WORK INSTRUCTIONS:
Below are records with pictures in them. Output exactly the lines from the one with "Proxxon Steckschlüsselsatz mit" through the one with "dogeared ブランド クリスタル【通常ネコポス配送】", both included, and leave every picture out; give only those lines.

AVAILABLE RECORDS:
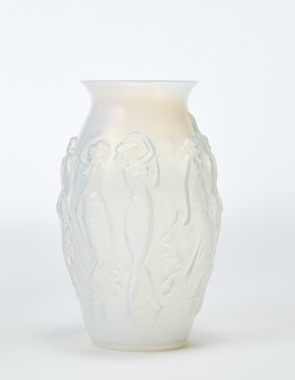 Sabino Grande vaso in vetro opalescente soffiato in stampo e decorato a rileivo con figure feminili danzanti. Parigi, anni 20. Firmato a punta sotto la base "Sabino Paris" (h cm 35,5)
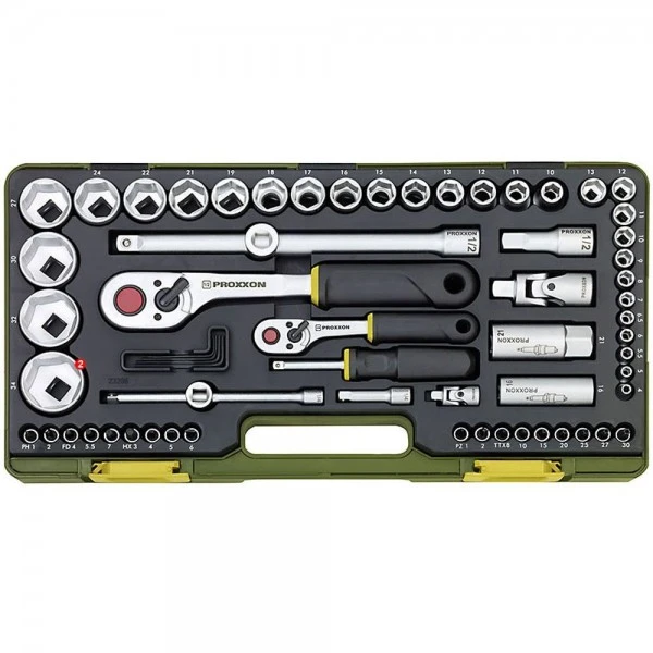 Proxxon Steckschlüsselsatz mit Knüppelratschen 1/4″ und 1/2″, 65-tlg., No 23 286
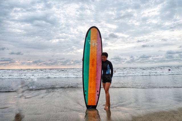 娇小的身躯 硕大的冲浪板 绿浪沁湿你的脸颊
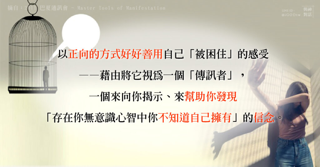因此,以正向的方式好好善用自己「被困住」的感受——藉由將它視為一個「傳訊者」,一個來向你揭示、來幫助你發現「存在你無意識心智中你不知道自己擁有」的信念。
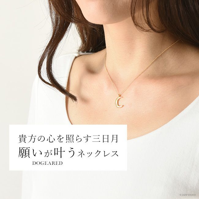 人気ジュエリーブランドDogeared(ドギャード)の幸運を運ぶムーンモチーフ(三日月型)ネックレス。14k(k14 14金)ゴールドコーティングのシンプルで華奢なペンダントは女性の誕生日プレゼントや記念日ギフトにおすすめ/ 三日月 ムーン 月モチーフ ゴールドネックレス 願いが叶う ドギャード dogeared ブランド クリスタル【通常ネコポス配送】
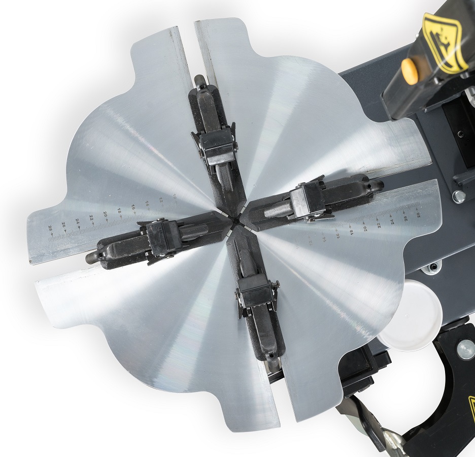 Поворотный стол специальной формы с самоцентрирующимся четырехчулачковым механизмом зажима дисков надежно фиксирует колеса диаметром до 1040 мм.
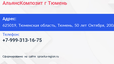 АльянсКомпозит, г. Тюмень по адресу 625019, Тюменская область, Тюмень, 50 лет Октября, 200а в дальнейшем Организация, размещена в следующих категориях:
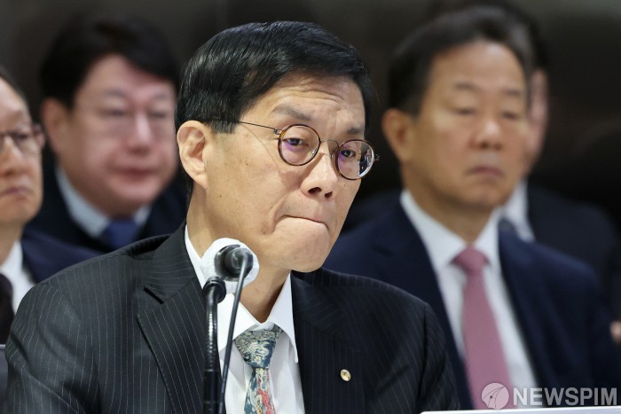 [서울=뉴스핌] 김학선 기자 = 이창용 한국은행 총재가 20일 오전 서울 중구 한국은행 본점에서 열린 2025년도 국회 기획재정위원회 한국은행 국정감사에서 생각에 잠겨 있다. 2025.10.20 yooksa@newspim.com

ANSWER SPACE:
 Proxxon Steckschlüsselsatz mit Knüppelratschen 1/4″ und 1/2″, 65-tlg., No 23 286
 娇小的身躯 硕大的冲浪板 绿浪沁湿你的脸颊
因此,以正向的方式好好善用自己「被困住」的感受——藉由將它視為一個「傳訊者」,一個來向你揭示、來幫助你發現「存在你無意識心智中你不知道自己擁有」的信念。
 人気ジュエリーブランドDogeared(ドギャード)の幸運を運ぶムーンモチーフ(三日月型)ネックレス。14k(k14 14金)ゴールドコーティングのシンプルで華奢なペンダントは女性の誕生日プレゼントや記念日ギフトにおすすめ/ 三日月 ムーン 月モチーフ ゴールドネックレス 願いが叶う ドギャード dogeared ブランド クリスタル【通常ネコポス配送】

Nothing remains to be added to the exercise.